▶ What the task requires
Copy the material below verbatim from the line with "A Funerária Pax" to the line with "Резепов (Пушкарьов, 69).", both lines included, omitting pictures and every line outside that range.

[[ Data open ]]

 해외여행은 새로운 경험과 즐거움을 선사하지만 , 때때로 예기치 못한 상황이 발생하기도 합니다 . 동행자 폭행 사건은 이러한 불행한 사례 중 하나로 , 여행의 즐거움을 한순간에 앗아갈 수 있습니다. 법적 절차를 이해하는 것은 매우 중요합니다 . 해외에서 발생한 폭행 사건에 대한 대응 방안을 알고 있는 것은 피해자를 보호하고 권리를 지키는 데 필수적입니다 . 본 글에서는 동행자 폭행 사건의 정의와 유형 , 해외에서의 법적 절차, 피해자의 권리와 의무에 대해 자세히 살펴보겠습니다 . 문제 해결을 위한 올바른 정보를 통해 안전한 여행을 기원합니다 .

[[ Data closed ]]
[[ Data open ]]

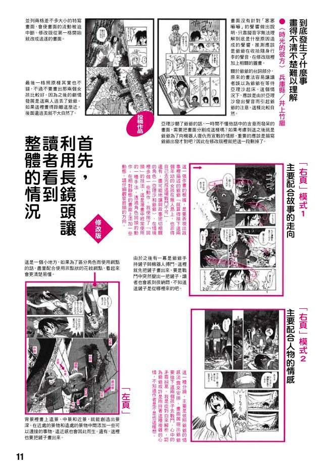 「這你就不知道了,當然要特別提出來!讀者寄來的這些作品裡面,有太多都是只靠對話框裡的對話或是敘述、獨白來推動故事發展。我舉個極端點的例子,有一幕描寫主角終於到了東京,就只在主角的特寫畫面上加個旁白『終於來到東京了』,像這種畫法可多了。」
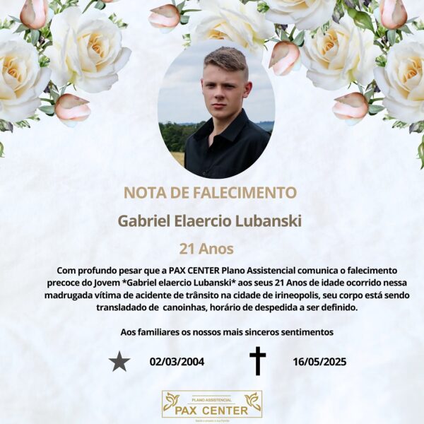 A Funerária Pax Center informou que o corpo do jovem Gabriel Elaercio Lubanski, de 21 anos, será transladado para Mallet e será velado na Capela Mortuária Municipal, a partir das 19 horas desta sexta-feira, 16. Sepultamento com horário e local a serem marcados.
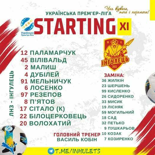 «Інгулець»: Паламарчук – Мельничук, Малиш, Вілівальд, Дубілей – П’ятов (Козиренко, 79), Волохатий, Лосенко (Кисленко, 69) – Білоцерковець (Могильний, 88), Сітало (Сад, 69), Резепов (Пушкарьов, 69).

[[ Data closed ]]

▶ Result for this task
 A Funerária Pax Center informou que o corpo do jovem Gabriel Elaercio Lubanski, de 21 anos, será transladado para Mallet e será velado na Capela Mortuária Municipal, a partir das 19 horas desta sexta-feira, 16. Sepultamento com horário e local a serem marcados.
 «Інгулець»: Паламарчук – Мельничук, Малиш, Вілівальд, Дубілей – П’ятов (Козиренко, 79), Волохатий, Лосенко (Кисленко, 69) – Білоцерковець (Могильний, 88), Сітало (Сад, 69), Резепов (Пушкарьов, 69).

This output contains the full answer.